Юрген сглотнул. Эту новость он тоже видел. И он бы ни за что не стал описывать увиденное словом «восхитительно».
– Ну-ну. – Веном наклонился к собеседнику. Из его плеча выскользнуло щупальце и похлопало Юргена по щеке. Веном оперся подбородком о руку. – Мы боимся, что мы не смогли заставить этих людей передать наше сообщение. Кроме того, мы полагаем, что такие вещи нужно передавать самим. Мы собирались сказать их боссу сворачивать лавочку. – Он улыбнулся еще шире. – Однако меня беспокоит, что мы не смогли выбить из них никакой информации касательно происхождения бочек, которые они передавали в тот вечер. Люди, приплывшие за грузом, тоже не смогли нам помочь. Мы дали им шанс, но это распространенная проблема: держи своих шестерок в неведении, и тогда из них нельзя будет выжать слишком много информации. Разумеется, из них можно выжать кое-что еще…
Улыбка становилась все шире, пока Юргену не начало казаться, что в музее стоматологии меньше зубов, чем в этой пасти.

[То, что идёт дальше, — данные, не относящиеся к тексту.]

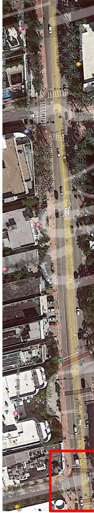
FROM ESPANOLA TO 16 TH STREET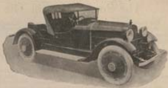
2-Passenger Baker Steamer, Military Sport Roadster

ENGINE —Two-cylinder, Unionflow; double action; Bore 4 in.; Stroke 5 in. VALVES —Sieves balanced. VALVE GEAR —Radial, Baker modification enclosed in oil bath. Baker free engine reversing device. CRANK SHAFT —Built up. Overdrive E. K. F. Ball bearing. COMBUSTION SYSTEM —Baker Atomizing Type burner. Electric ignition. STEAM GENERATOR —Baker Semi-flash type; constant water level. ELECTRIC LIGHTING SYSTEM . AXLES —Columbia standard full-floating with Timken bearings throughout. WATER PUMP —Slow running, engine crank driven, opposed rotors. WATER TANK —Twenty-gallons preheated by exhaust steam. CONDENSER —Radiator.

– Мы не смогли как следует изучить эти бочки, – продолжил Веном, – но мы хотим, чтобы ты все нам рассказал. О том, что в них находится, откуда они берутся и куда направляются отсюда…
Юрген весь затрясся.
– Ну, мы знаем, о чем ты сейчас думаешь, – продолжил Веном, – ты думаешь, что, если расскажешь все нам, люди, которые втянули тебя в этот бизнес, тебя убьют. Скорее всего, так и случится. По крайней мере, они попытаются. Но тебе стоит знать, что, если ты нам не расскажешь, мы убьем тебя прямо сейчас. – Колышущееся перед глазами Юргена щупальце заострилось и превратилось в тонкий стилет, который нежно и аккуратно прочертил линию по его горлу, чтобы он смог прочувствовать остроту лезвия.
– Мы можем делать это очень долго, – пообещал Веном, – ты не сможешь позвать на помощь, потому что твою гортань мы вырежем одной из первых. Затем… – Веном покачал головой и пожал плечами. – Мы можем остаться здесь на весь вечер, разве нет? Люди, сидящие на катере, не поднимутся сюда, пока что-нибудь не увидят или не услышат. Твои сторожа на улице тоже не станут заглядывать: они знают, что отсюда нет другого выхода, кроме как через черный вход, а его они перекрыли давным-давно. Нет, нам предстоит чудесный вечер – только мы и ты. Самый долгий вечер в твоей жизни.
– Это ра… ра… ра… – Рот Юргена слишком пересох, чтобы он смог выдавить что-нибудь осознанное.
– Первое слово? – понимающе произнес Веном. – Звучит как?.. Вот, держи, – и он протянул Юргену стакан с чаем.
Юрген вцепился пальцами в стакан и начал пить. Когда мгновение спустя он, задыхаясь, отставил стакан в сторону, оказалось, что питье ему не очень-то и помогло, но он хотя бы смог прохрипеть:
– Радиоактивные материалы.
– Какого рода?
– Трансурановые.
Веном помахал острым словно бритва щупальцем перед лицом Юргена. Его глаза уставились на черный отросток, словно это была готовая ударить змея.
– Ты не мог бы рассказывать более подробно, а не то мы начнем подозревать, что ты намеренно утаиваешь информацию.
– О, нет, нет, – поспешно произнес Юрген. – Nein! Ich weiss nicht[30]…
– По-английски, пожалуйста, – мягко попросил Веном, – мы так и не закончили этот последний курс Берлица. Жизнь слишком коротка.
– Я не знаю!
– А стоило бы. Какого рода радиоактивные материалы?
– Какие-то отходы. Радиоактивные отходы.
– Ты хочешь сказать, – мягко произнес Веном, но в его голосе начала проявляться смертельная острота, – что кто-то во Флориде вывозит их за пределы США в этих маленьких емкостях? Не очень эффективный способ избавляться от отходов. И куда они направляются?
– Нет, мы ввозим их сюда…
– Откуда?
– Откуда-то из Восточной Европы. Я не знаю наверняка. Из России, наверное.
Пустые глазницы Венома слегка прищурились.